Developer Seán Dunne (65) has suffered a major setback in his legal dispute with one of his sons over the multi-million euro proceeds from the sale of a Dublin mansion.
Earlier this year the bankrupt 'Baron of Ballsbridge' issued proceedings against John Dunne (32) in New York, where his son lives, over €11.6m he claims is owed to a trust for four of his other children.
But the businessman has suffered a setback after a US court gave permission for his bankruptcy trustee, Richard Coan, to intervene in the case.
The trustee is opposing the lawsuit and has sought court approval to receive the cash as part of the settlement of a fraudulent transfer lawsuit.
Moves by Mr Dunne to keep the case in a New York court also failed after a motion by his son and Mr Coan to move the case to a Connecticut court was approved.

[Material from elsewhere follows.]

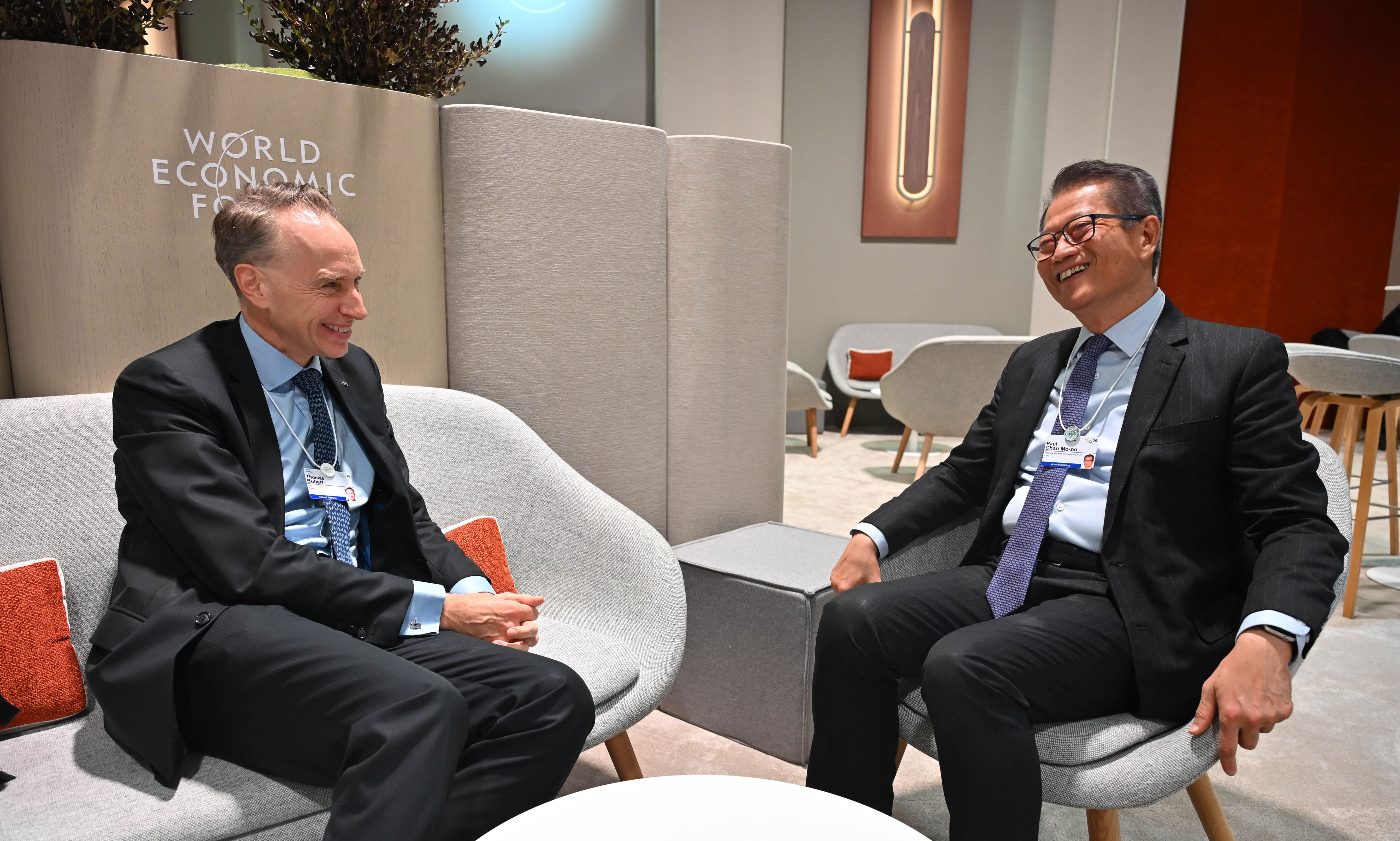 財政司司長陳茂波周四(1月22日)繼續在瑞士達沃斯參與世界經濟論壇年會的活動,出席專題會議,並與各地政商及國際組織領袖會面。

The Carlow-born developer filed for bankruptcy in the US state in 2013 with debts of around €700m.
The decision on Monday by a New York District Court to move the case means the high-stakes lawsuit could be dealt with by a judge already familiar with the protracted bankruptcy during which Mr Dunne has been held in contempt of court. His case against his son revolves around the proceeds from the sale of Walford, on Shrewsbury Road, Dublin, a property now owned by a trust linked to financier Dermot Desmond, which bought it for around €14m in 2016.
It became Ireland's most expensive home in 2005 when Mr Dunne bought it for his then wife Gayle Killilea (45) for €57.9m.
But they never lived there and its beneficial ownership would become a major issue in the bankruptcy.
Last year a US jury found Ms Killilea should pay €18m to the trustee in respect of assets which were fraudulently transferred by her ex-husband. The sum included the €14m proceeds from the sale of Walford.
What remained of this money was held in a Swiss bank account by Yesreb Holdings, of which John Dunne was the principal.
The cash was transferred to the trustee in February as part settlement of the fraudulent asset transfer finding.
Mr Dunne tried to block the transfer, claiming the cash was owed to a trust for four children he had with Ms Killilea.
This was disputed by lawyers for Ms Killilea and John Dunne, Seán Dunne's son from a previous marriage.
In a court filing earlier this year, John Dunne denied no less than 17 allegations made by his father. While he admitted he was the sole director of Yesreb, he denied holding shares for his half-siblings or that it was intended he would act for their benefit as director.
He also denied his father's claim that if the funds were depleted, his half-siblings would be "robbed of the benefits owed to them".